DATA RECORDS Block Start
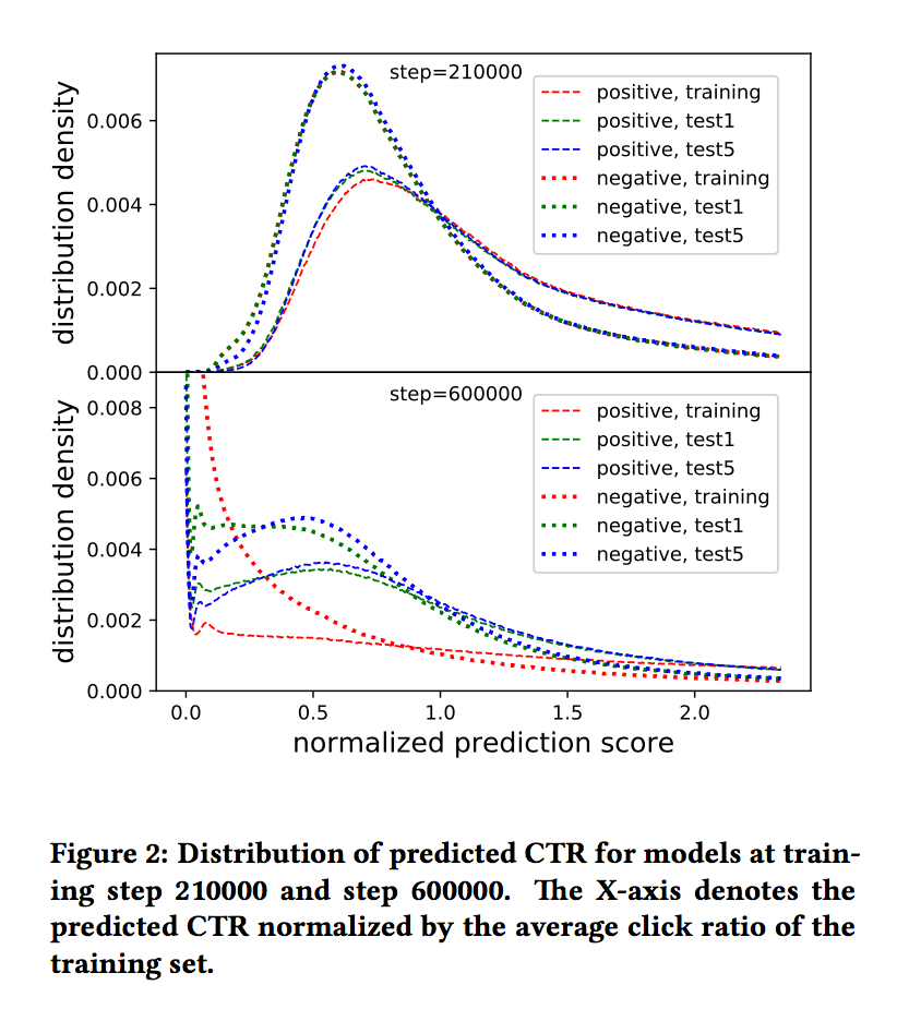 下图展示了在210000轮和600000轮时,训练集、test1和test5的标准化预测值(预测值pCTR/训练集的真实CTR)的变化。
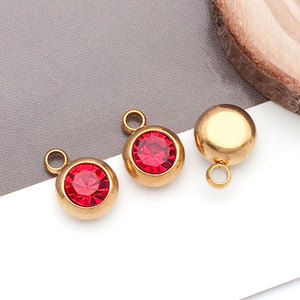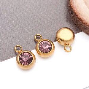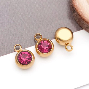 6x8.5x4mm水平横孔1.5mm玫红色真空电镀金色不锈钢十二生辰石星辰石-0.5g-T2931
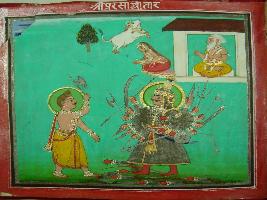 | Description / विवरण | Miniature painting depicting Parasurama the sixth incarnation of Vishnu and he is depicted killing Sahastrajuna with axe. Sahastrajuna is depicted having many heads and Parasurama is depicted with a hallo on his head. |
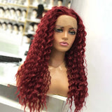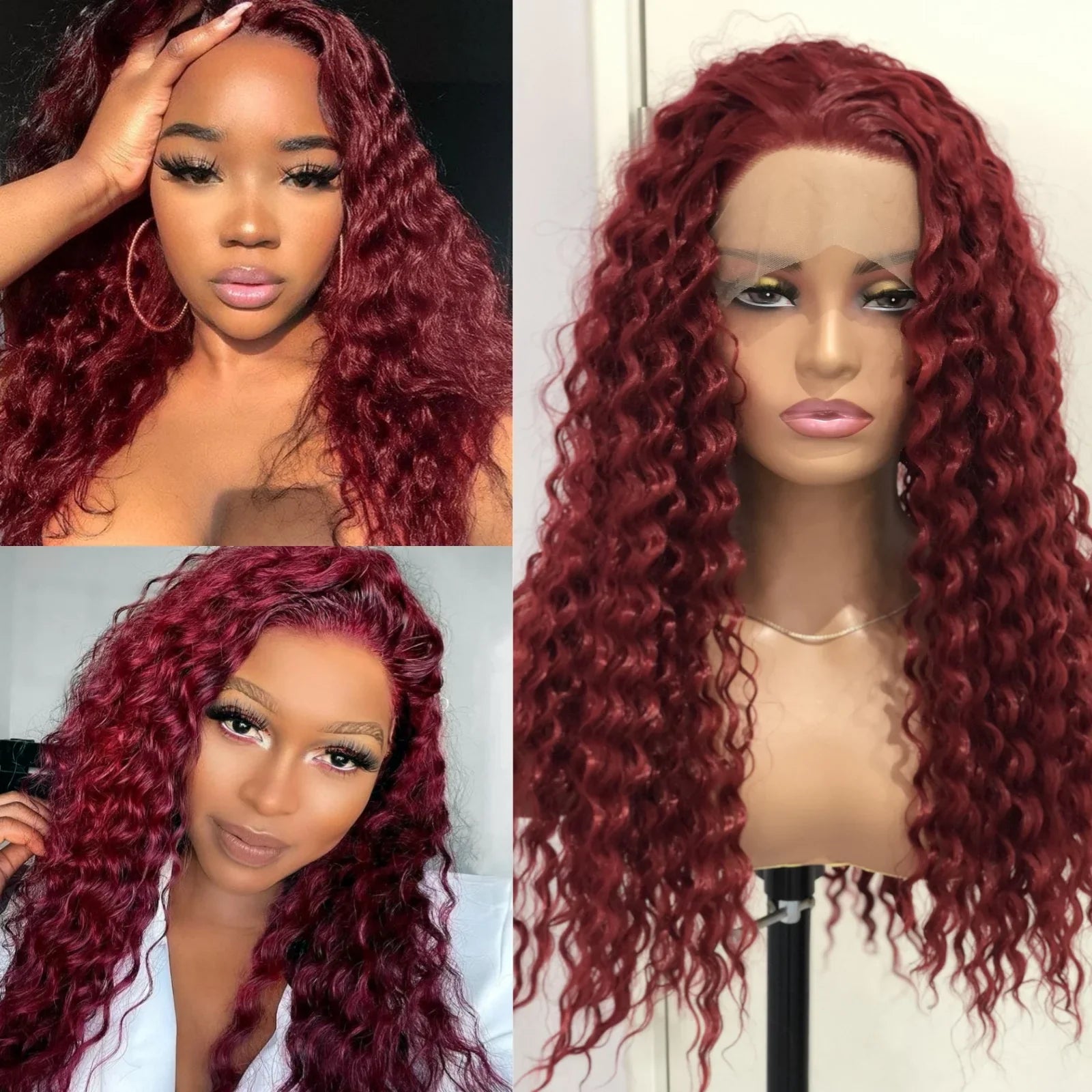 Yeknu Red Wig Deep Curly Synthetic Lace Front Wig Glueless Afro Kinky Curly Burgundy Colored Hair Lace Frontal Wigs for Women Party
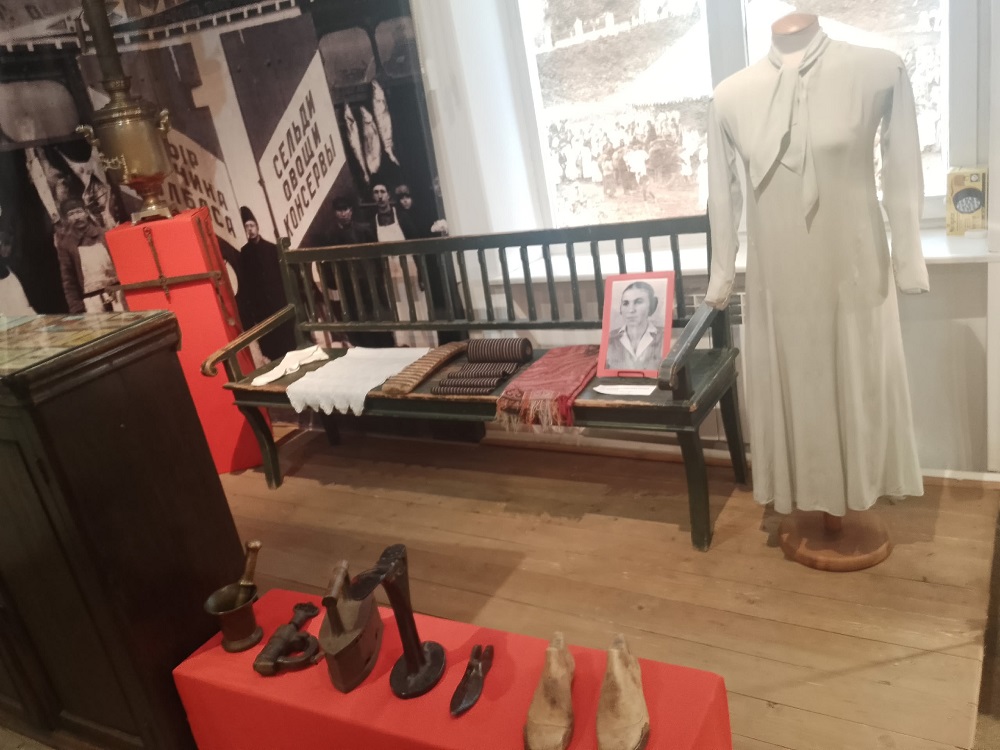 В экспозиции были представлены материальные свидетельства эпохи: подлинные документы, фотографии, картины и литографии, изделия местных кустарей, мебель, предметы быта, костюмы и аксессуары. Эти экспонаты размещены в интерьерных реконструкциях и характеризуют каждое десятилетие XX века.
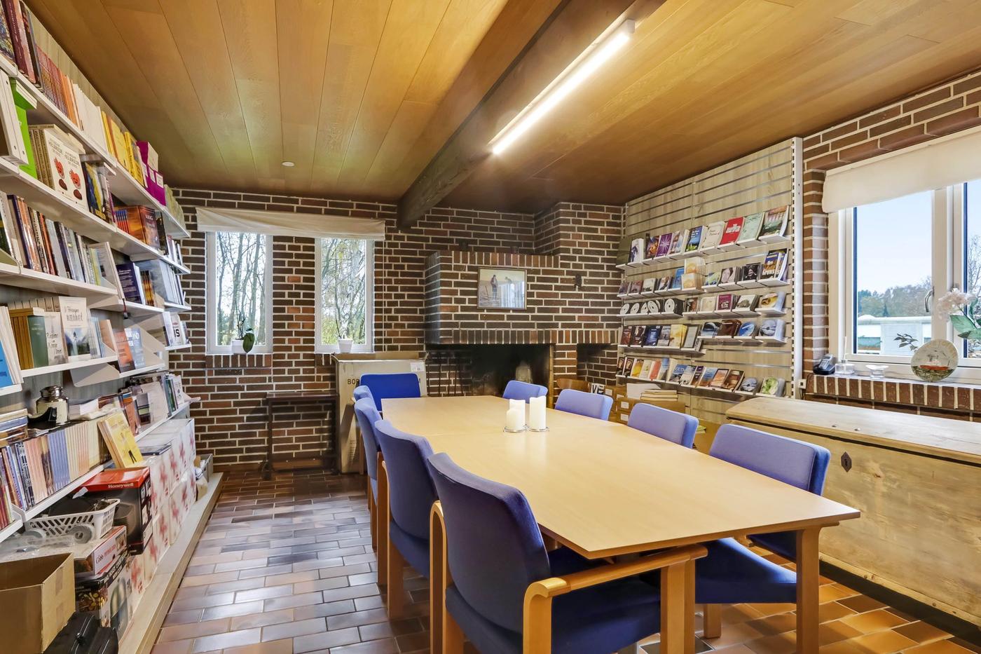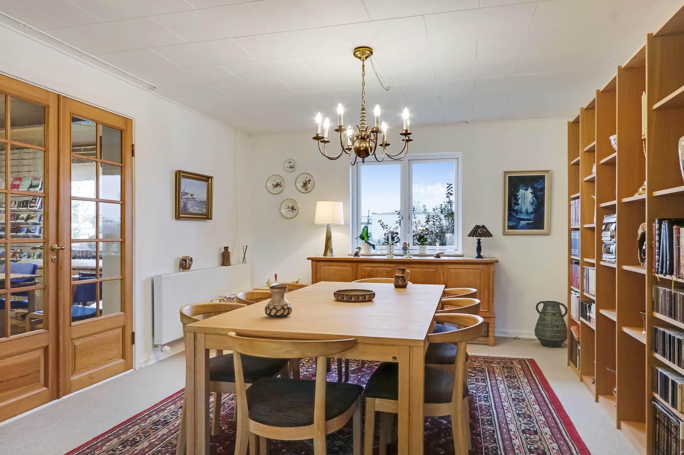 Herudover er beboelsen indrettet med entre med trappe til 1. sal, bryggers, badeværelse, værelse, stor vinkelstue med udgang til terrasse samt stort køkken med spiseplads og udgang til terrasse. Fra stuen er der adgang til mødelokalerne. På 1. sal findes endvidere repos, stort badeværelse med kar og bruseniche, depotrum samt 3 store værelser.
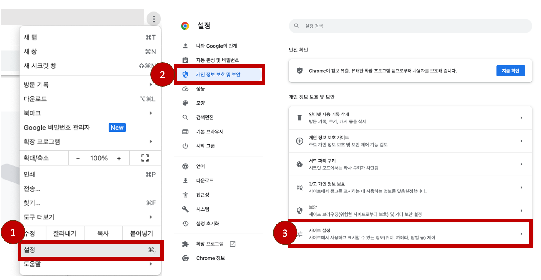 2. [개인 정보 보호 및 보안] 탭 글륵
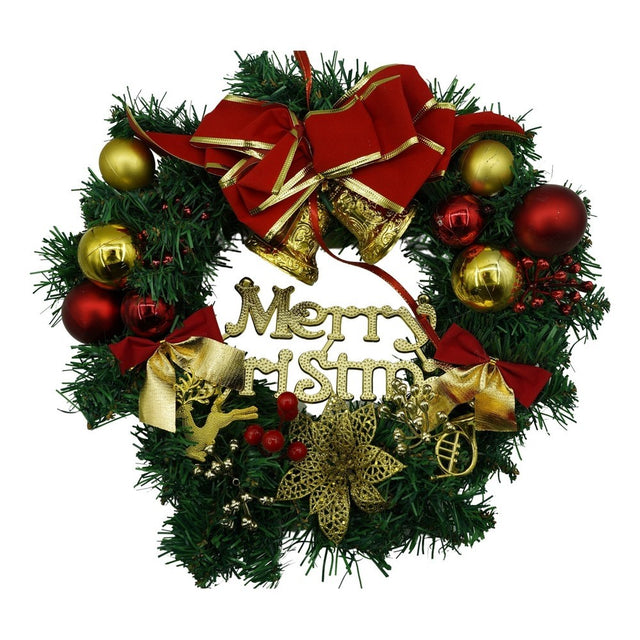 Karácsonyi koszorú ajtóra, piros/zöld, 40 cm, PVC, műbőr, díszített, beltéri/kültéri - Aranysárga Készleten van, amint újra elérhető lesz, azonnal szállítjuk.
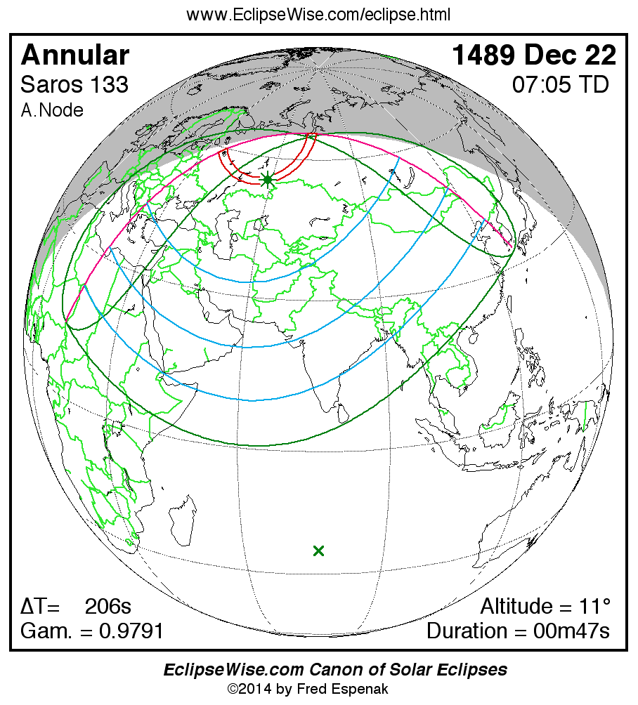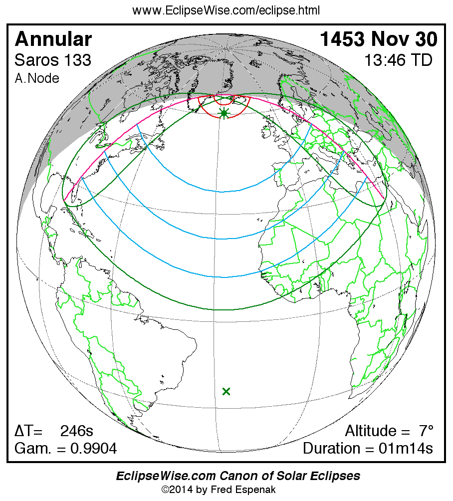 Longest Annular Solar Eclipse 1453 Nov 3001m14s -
DATA RECORDS Block End
→ ASSIGNMENT:
Starting at the line that contains "his head. |", reproduce each line exactly through the end of the entries above, leaving every picture out.

→ RESULT:
 | Description / विवरण | Miniature painting depicting Parasurama the sixth incarnation of Vishnu and he is depicted killing Sahastrajuna with axe. Sahastrajuna is depicted having many heads and Parasurama is depicted with a hallo on his head. |
 Yeknu Red Wig Deep Curly Synthetic Lace Front Wig Glueless Afro Kinky Curly Burgundy Colored Hair Lace Frontal Wigs for Women Party
 В экспозиции были представлены материальные свидетельства эпохи: подлинные документы, фотографии, картины и литографии, изделия местных кустарей, мебель, предметы быта, костюмы и аксессуары. Эти экспонаты размещены в интерьерных реконструкциях и характеризуют каждое десятилетие XX века.
 Herudover er beboelsen indrettet med entre med trappe til 1. sal, bryggers, badeværelse, værelse, stor vinkelstue med udgang til terrasse samt stort køkken med spiseplads og udgang til terrasse. Fra stuen er der adgang til mødelokalerne. På 1. sal findes endvidere repos, stort badeværelse med kar og bruseniche, depotrum samt 3 store værelser.
 2. [개인 정보 보호 및 보안] 탭 글륵
 Karácsonyi koszorú ajtóra, piros/zöld, 40 cm, PVC, műbőr, díszített, beltéri/kültéri - Aranysárga Készleten van, amint újra elérhető lesz, azonnal szállítjuk.
 Longest Annular Solar Eclipse 1453 Nov 3001m14s -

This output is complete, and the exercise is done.